Torlyri se preguntó qué habría hecho si Lakkamai le hubiese pedido que se marchara con él y que abandonara la tribu, sus deberes y Koshmar.

No pudo responder a la pregunta. Se alegró de que Lakkamai no se lo hubiese pedido.

Harruel iba delante del resto durante la marcha, solo, rodeado de un manto de aislamiento real. Era una forma de destacar su poder y su distancia. Y le daba ocasión de pensar.

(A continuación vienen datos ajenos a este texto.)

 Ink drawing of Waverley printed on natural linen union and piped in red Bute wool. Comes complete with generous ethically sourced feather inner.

Sabía que no tenía ningún plan concreto, salvo marchar sin detenerse hasta que los dioses le indicaran el destino que le tenían deparado. A pesar de las comodidades y tranquilidad que representaba, Vengiboneeza ya no era ése su destino: Vengiboneeza… una ciudad muerta que había pertenecido a otros. Era un lugar para esconderse y aguardar, pero, ¿aguardar a qué? A nada, pensó. ¿A que las ruinas blanquecinas se derrumbaran y los asfixiaran entre nubes de polvo? Y aunque Vengiboneeza pudiese ser revivida de algún modo, si los edificios fuesen reparados, si las máquinas volvieran a funcionar, no sería su vida Detestaba la idea de vivir en una ciudad que otros habían abandonado. Era como dormir sobre las sábanas sucias de un extraño. No. Vengiboneeza no era sitio para él.

Pero aún no sabía con certeza cuál era su lugar. Pensaba seguir andando hasta que lo descubriera.

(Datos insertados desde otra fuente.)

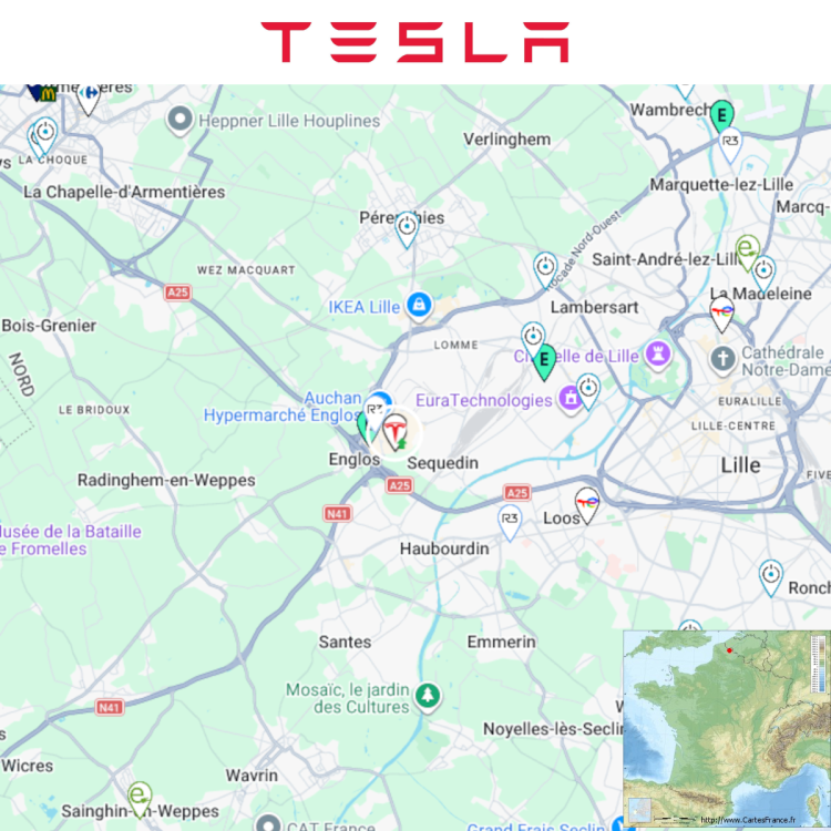 Agrandissement terminé d'une station Tesla à Englos (Auchan). Ajout de 12x 250kW CCS Soit 28x 250kW CCS Prix sans abonnement/non Tesla sur la capture Comme d'habitude, retrouvez le lien vers ma carte : https://tinyurl.com/StationsVE Toute l'actu des stations de recharge sur le groupe FB : https://tinyurl.com/GroupeFacebookVE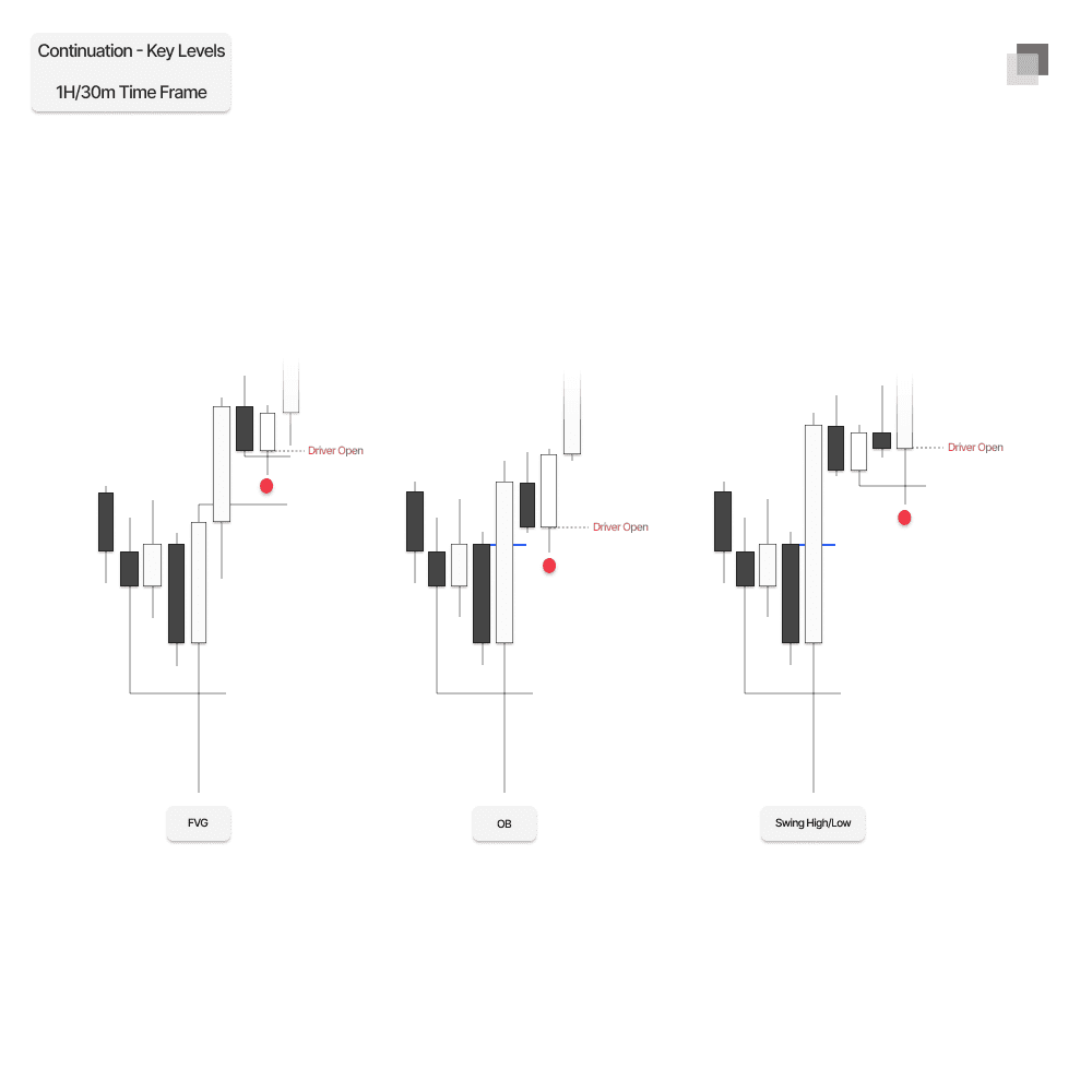 Pair a driver with a reversal off a 1H/30m key level within daily continuation.
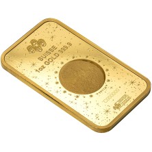 Descripción: Lingote en formato "Minted Bar" (troquelado/acuñado), sellado en blíster de plástico junto con su certificado con número de serie coincidente en ambos.

En verdad, por aquel día ya habían caminado cuanto podían. La noche se acercaba. Habían pasado a un terreno agradable, de suaves valles ondulados, abundantemente tapizado de pastos nuevos, rojos y verdes. Más adelante, la tierra descendía de forma brusca y ante ellos se extendía algo que a Harruel le pareció extrañamente hermoso y hermosamente extraño.

En el centro del amplio valle había un gran hoyo circular, poco profundo y bastante ancho, delimitado a la perfección por un nítido borde. En el centro había una densa vegetación que constituía un oscuro bosque de misterios y prometía profusa cacería.

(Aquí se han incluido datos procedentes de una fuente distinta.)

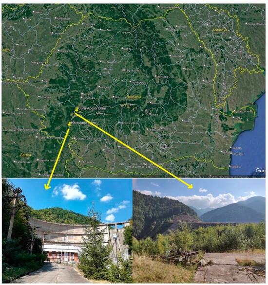 The Gura Apelor dam represents the tallest embankment (rockfill with a clay core) dam in Romania and the second largest dam of this type in Europe, after the Thissavros Dam in Greece [19]. It is located in the Hunedoara county (Figure 1) on the south-western edge of the Retezat National Park, approximately 40 km away south from the Hațeg town in the same county. The dam (Figure 1—right) is accessible to the public both by car and foot, with the crest of the dam part of the local road DJ685, popular with both locals and tourists hiking the local mountains. Located at the confluence of the Lăpușnicu and Șes River, tributaries to the Râul Mare river, the dam was commissioned in 1986.
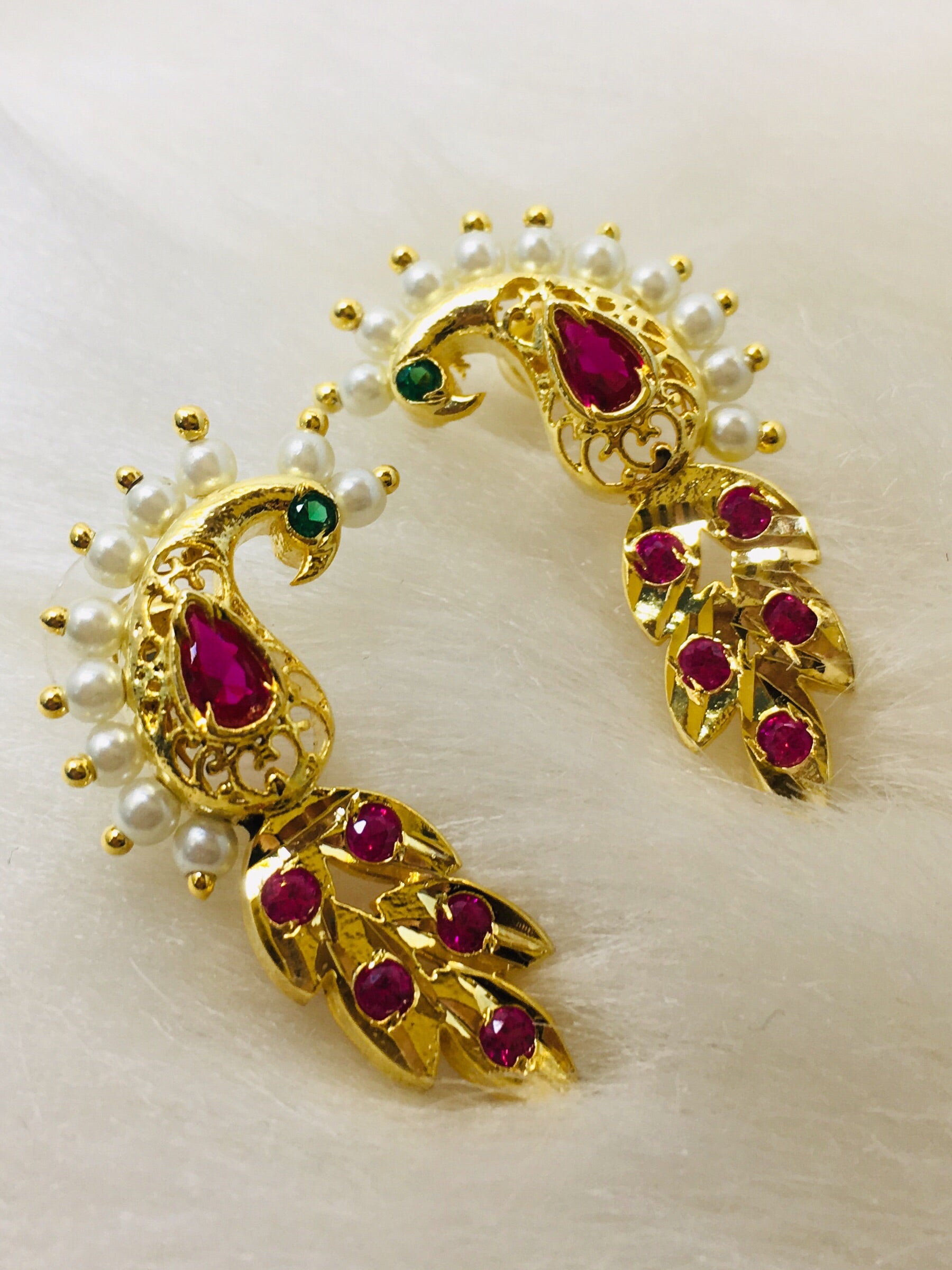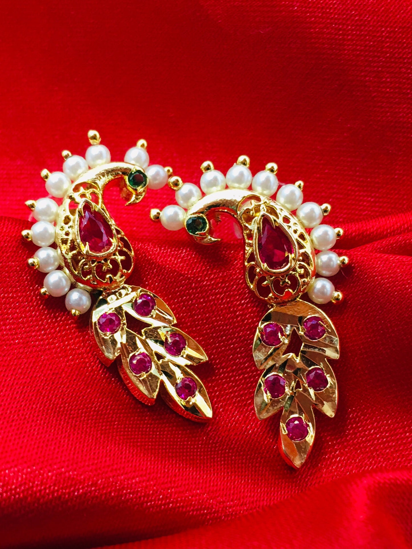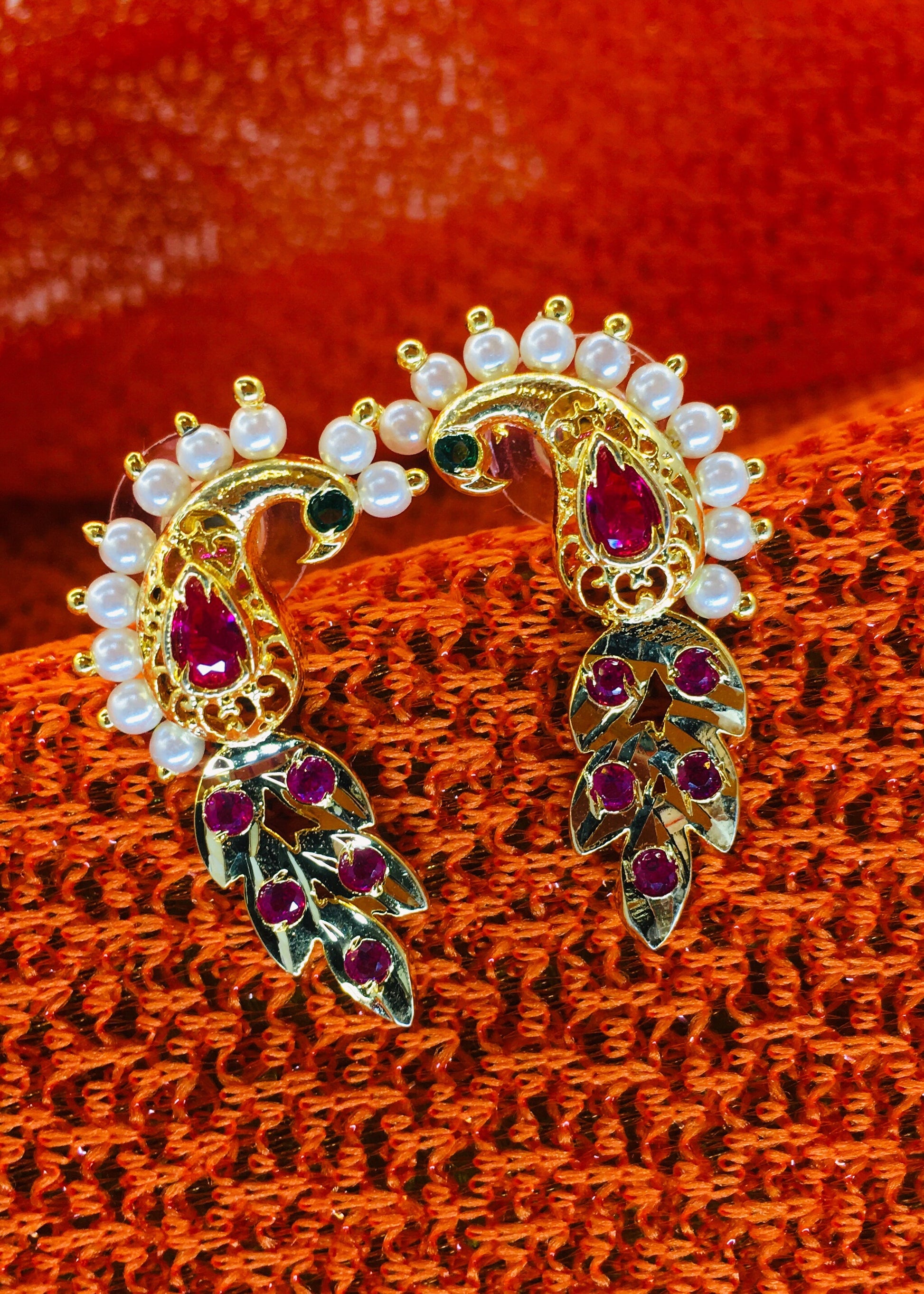 Have a look peacock inspired studs earrings form perfect match our Maharashtrian look. it is studded shimmering pink stone along with pearls beads and made form golden finish metal. It is wonderfully studded with crystal stone and made form metal.

El hoyo parecía demasiado simétrico para ser natural. Harruel se preguntó quién podía haber construido algo tan inmenso y por qué. Si era alguna ciudad o centro ceremonial del Gran Mundo, ¿por qué no había ruinas? Desde arriba, no se veía más que una depresión vasta y poco profunda, casi del mismo diámetro que Vengiboneeza, perfectamente circular, rodeada por un reborde y muy poblada de vegetación. Bien, en cualquier caso, era mejor que el sitio de donde procedían.

Casi llevaban una semana cruzando una zona de bosques desalentadores, donde las ramas se anudaban estrechamente por medio de espesas enredaderas negras y lustrosas que no dejaban pasar la luz del sol. El suelo del bosque era seco y árido, cubierto de un manto polvoriento. Allí sólo crecía una planta voluminosa y clara, con forma de cúpula, carnosa y sombría, que brotaba sin aviso en cuestión de momentos y surgía de la tierra a velocidad sorprendente. Era pegajosa y desprendía una sustancia urticante. Y, sin embargo, durante la noche unos extraños animalitos de patas largas y pelaje azul aparecían por el bosque en busca de estas plantas solemnes y en cuanto daban con una se abalanzaban al interior para devorarla desde dentro hacia fuera. Estas criaturas eran difíciles de atrapar, excepto cuando se alimentaban, mientras se dejaban arrastrar por el frenesí de su glotonería. Así, se les podía aferrar por las piernas. Pero no eran sabrosas en absoluto, pues si se comían asadas, la carne todavía era más insípida que cruda. Harruel se alegró cuando hubieron dejado aquel sitio atrás.

Se volvió y miró a su espalda, hacia el amplio risco que acababa de cruzar, y que ya se hundía en la oscuridad vespertina procedente del este. El cielo casi estaba negro, salvo en un punto donde un único haz de luz dorada chocaba contra un muro de nubes de contornos nítidos. Cerca de él divisó a Konya y Lakkamai, y al resto de su gente, que venía a mitad de camino desde el bosque en grupitos espaciados.